Data entries
□ □ □ □ □

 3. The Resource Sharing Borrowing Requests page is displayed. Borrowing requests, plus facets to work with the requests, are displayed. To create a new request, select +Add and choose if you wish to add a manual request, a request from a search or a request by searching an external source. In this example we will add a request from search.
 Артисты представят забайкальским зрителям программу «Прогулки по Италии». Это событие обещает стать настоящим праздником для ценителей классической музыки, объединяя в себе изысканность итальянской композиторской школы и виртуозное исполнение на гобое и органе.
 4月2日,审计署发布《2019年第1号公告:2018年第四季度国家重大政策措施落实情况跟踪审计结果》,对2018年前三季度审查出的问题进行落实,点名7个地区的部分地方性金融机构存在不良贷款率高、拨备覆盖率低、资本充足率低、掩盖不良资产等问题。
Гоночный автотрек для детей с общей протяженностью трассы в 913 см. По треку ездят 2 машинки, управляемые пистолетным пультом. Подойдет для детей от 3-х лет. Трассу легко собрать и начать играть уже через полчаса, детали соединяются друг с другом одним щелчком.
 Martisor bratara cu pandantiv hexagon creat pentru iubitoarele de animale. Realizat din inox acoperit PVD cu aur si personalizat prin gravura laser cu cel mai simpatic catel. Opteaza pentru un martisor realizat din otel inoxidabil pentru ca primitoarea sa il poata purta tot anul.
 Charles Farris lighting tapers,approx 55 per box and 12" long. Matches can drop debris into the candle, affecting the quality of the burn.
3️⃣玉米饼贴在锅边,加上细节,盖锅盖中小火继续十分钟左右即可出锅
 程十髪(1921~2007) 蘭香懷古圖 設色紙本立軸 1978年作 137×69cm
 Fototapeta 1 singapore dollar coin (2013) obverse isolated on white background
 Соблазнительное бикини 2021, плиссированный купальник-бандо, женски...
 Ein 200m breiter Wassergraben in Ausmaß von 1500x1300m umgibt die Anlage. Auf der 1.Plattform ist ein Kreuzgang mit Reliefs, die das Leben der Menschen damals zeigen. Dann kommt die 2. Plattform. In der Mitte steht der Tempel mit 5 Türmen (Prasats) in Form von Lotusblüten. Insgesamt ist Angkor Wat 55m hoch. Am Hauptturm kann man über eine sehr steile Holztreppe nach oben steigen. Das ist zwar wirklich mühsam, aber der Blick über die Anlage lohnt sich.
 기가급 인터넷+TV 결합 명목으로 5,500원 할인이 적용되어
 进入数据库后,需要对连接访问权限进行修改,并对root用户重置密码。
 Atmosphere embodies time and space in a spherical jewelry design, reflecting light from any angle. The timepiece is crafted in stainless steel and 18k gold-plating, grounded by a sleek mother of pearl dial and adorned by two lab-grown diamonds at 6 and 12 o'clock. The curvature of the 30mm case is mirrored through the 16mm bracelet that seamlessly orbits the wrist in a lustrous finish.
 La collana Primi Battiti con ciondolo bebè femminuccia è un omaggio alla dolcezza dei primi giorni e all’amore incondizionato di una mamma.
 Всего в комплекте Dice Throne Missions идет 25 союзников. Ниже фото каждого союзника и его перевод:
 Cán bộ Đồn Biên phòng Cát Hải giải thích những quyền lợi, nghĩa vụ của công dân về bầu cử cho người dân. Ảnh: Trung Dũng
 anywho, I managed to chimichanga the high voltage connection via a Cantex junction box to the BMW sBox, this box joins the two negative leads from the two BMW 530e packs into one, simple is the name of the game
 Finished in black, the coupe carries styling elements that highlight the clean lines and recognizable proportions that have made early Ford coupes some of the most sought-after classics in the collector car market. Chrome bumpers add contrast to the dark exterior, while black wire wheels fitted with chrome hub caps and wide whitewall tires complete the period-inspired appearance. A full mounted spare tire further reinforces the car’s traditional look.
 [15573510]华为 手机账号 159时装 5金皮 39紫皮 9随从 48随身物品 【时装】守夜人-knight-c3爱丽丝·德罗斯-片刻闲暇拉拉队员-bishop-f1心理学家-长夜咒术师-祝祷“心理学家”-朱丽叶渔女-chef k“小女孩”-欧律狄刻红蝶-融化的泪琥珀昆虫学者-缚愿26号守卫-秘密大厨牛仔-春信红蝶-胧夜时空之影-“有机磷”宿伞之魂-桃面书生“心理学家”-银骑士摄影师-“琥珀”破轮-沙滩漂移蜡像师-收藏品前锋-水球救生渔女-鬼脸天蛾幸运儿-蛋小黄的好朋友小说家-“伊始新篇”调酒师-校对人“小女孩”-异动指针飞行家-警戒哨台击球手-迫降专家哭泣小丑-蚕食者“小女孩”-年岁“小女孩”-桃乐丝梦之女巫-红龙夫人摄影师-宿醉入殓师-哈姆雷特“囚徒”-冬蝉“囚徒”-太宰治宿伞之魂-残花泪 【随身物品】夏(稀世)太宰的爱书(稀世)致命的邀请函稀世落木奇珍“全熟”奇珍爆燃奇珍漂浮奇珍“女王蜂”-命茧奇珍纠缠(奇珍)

□ □ □ □ □

* **What you need to do**
Repeat every record above exactly as it appears.

* **Response box**
 3. The Resource Sharing Borrowing Requests page is displayed. Borrowing requests, plus facets to work with the requests, are displayed. To create a new request, select +Add and choose if you wish to add a manual request, a request from a search or a request by searching an external source. In this example we will add a request from search.
 Артисты представят забайкальским зрителям программу «Прогулки по Италии». Это событие обещает стать настоящим праздником для ценителей классической музыки, объединяя в себе изысканность итальянской композиторской школы и виртуозное исполнение на гобое и органе.
 4月2日,审计署发布《2019年第1号公告:2018年第四季度国家重大政策措施落实情况跟踪审计结果》,对2018年前三季度审查出的问题进行落实,点名7个地区的部分地方性金融机构存在不良贷款率高、拨备覆盖率低、资本充足率低、掩盖不良资产等问题。
Гоночный автотрек для детей с общей протяженностью трассы в 913 см. По треку ездят 2 машинки, управляемые пистолетным пультом. Подойдет для детей от 3-х лет. Трассу легко собрать и начать играть уже через полчаса, детали соединяются друг с другом одним щелчком.
 Martisor bratara cu pandantiv hexagon creat pentru iubitoarele de animale. Realizat din inox acoperit PVD cu aur si personalizat prin gravura laser cu cel mai simpatic catel. Opteaza pentru un martisor realizat din otel inoxidabil pentru ca primitoarea sa il poata purta tot anul.
 Charles Farris lighting tapers,approx 55 per box and 12" long. Matches can drop debris into the candle, affecting the quality of the burn.
3️⃣玉米饼贴在锅边,加上细节,盖锅盖中小火继续十分钟左右即可出锅
 程十髪(1921~2007) 蘭香懷古圖 設色紙本立軸 1978年作 137×69cm
 Fototapeta 1 singapore dollar coin (2013) obverse isolated on white background
 Соблазнительное бикини 2021, плиссированный купальник-бандо, женски...
 Ein 200m breiter Wassergraben in Ausmaß von 1500x1300m umgibt die Anlage. Auf der 1.Plattform ist ein Kreuzgang mit Reliefs, die das Leben der Menschen damals zeigen. Dann kommt die 2. Plattform. In der Mitte steht der Tempel mit 5 Türmen (Prasats) in Form von Lotusblüten. Insgesamt ist Angkor Wat 55m hoch. Am Hauptturm kann man über eine sehr steile Holztreppe nach oben steigen. Das ist zwar wirklich mühsam, aber der Blick über die Anlage lohnt sich.
 기가급 인터넷+TV 결합 명목으로 5,500원 할인이 적용되어
 进入数据库后,需要对连接访问权限进行修改,并对root用户重置密码。
 Atmosphere embodies time and space in a spherical jewelry design, reflecting light from any angle. The timepiece is crafted in stainless steel and 18k gold-plating, grounded by a sleek mother of pearl dial and adorned by two lab-grown diamonds at 6 and 12 o'clock. The curvature of the 30mm case is mirrored through the 16mm bracelet that seamlessly orbits the wrist in a lustrous finish.
 La collana Primi Battiti con ciondolo bebè femminuccia è un omaggio alla dolcezza dei primi giorni e all’amore incondizionato di una mamma.
 Всего в комплекте Dice Throne Missions идет 25 союзников. Ниже фото каждого союзника и его перевод:
 Cán bộ Đồn Biên phòng Cát Hải giải thích những quyền lợi, nghĩa vụ của công dân về bầu cử cho người dân. Ảnh: Trung Dũng
 anywho, I managed to chimichanga the high voltage connection via a Cantex junction box to the BMW sBox, this box joins the two negative leads from the two BMW 530e packs into one, simple is the name of the game
 Finished in black, the coupe carries styling elements that highlight the clean lines and recognizable proportions that have made early Ford coupes some of the most sought-after classics in the collector car market. Chrome bumpers add contrast to the dark exterior, while black wire wheels fitted with chrome hub caps and wide whitewall tires complete the period-inspired appearance. A full mounted spare tire further reinforces the car’s traditional look.
 [15573510]华为 手机账号 159时装 5金皮 39紫皮 9随从 48随身物品 【时装】守夜人-knight-c3爱丽丝·德罗斯-片刻闲暇拉拉队员-bishop-f1心理学家-长夜咒术师-祝祷“心理学家”-朱丽叶渔女-chef k“小女孩”-欧律狄刻红蝶-融化的泪琥珀昆虫学者-缚愿26号守卫-秘密大厨牛仔-春信红蝶-胧夜时空之影-“有机磷”宿伞之魂-桃面书生“心理学家”-银骑士摄影师-“琥珀”破轮-沙滩漂移蜡像师-收藏品前锋-水球救生渔女-鬼脸天蛾幸运儿-蛋小黄的好朋友小说家-“伊始新篇”调酒师-校对人“小女孩”-异动指针飞行家-警戒哨台击球手-迫降专家哭泣小丑-蚕食者“小女孩”-年岁“小女孩”-桃乐丝梦之女巫-红龙夫人摄影师-宿醉入殓师-哈姆雷特“囚徒”-冬蝉“囚徒”-太宰治宿伞之魂-残花泪 【随身物品】夏(稀世)太宰的爱书(稀世)致命的邀请函稀世落木奇珍“全熟”奇珍爆燃奇珍漂浮奇珍“女王蜂”-命茧奇珍纠缠(奇珍)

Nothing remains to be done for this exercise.